Just over half of the funds, $350,000 came from Commericialisation Australia, a federal government initiative to boost Australian start-ups.
Chief marketing officer Kit Kriewaldt told StartupSmart the government funds were an indication the government was increasingly focused on supporting Australian tech start-ups.
“That’s the way the start-up industry is going in Australia. Commercialisation Australia funded a lot of heavy industry and mining start-ups as well, but part of what drew them to us was we’re representative of the new economy and a bit of a shift in Australia’s business direction,” Kriewaldt says.
The platform allows users to publish ebooks, brochures and corporate newsletters as apps for mobile and desktop devices.
The platform is running on the iOS system, with the Android version in later stage beta testing. They intend to have a Microsoft 8 version out later this year.
The funding will allow the start-up to scale globally in the coming months.
“We’re looking to establish strong customer relationships in different key markets, including continental Europe, the UK, New York and Asia. We’re going to use the money to either get people on the ground and start some serious business development or for travel expenses of the core team,” Kriewaldt says.

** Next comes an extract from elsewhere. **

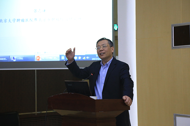 聘任仪式结束后,张志谦教授以《肿瘤干细胞:概念、困惑及希望》为题,从我国恶性肿瘤的发病现状、肿瘤干细胞的概念、特性、效应等方面进行详细讲授,并从自己的研究工作入手,着重介绍了肝癌干细胞的研究进展、难点、肝癌干细胞标志物和治疗方面的最新研究成果。他指出,肿瘤干细胞的存在被认为是肿瘤发生、发展和治疗失败的根本原因,因此发现和鉴定肝细胞癌的肿瘤干细胞、研发针对肿瘤干细胞的治疗手段,有望为肝癌的治疗带来新的曙光。报告会结束,张志谦教授与我院师生进行了现场互动,他对我院同学提问的思路表示赞赏,并逐一认真进行解答,在谈到“当研究中遇到低谷时该怎样面对”时,他认为有没有高额的经费、有没有鲜花都不重要,作为一个研究人员,重要的是要坚定信心,踏实工作。另外他介绍了北京大学临床肿瘤学院公开、公平、公正招收和录取研究生的基本情况,鼓励大家踊跃报考。他还就学生关心的考研方向、科目等问题进行了详细解答。

They’ve already hired a business development manager in the UK, and will be using networks built while taking part in a Berlin accelerator program last year to locate similar roles in Europe.
“Asia is closer for us to travel to and we have fewer inroads there, so it’s better for us to send people there (Europe) for now,” Kriewaldt says.
Liquid State incorporated in October 2011. After graduating from the Startupbootcamp Berlin accelerator program in November 2012, the team of four returned to Brisbane and began raising funds.
“We’re still asking ourselves exactly how we got the angel funding,” Kriewaldt says, adding they had always intended to pitch to Brisbane Angels. “It’s not a very sexy or exciting process, but we pitched to the group and it went from there.”
Kriewaldt says that having to pitch their business every day for six months during the Berlin bootcamp helped them get a clear vision for their business and how to sell it.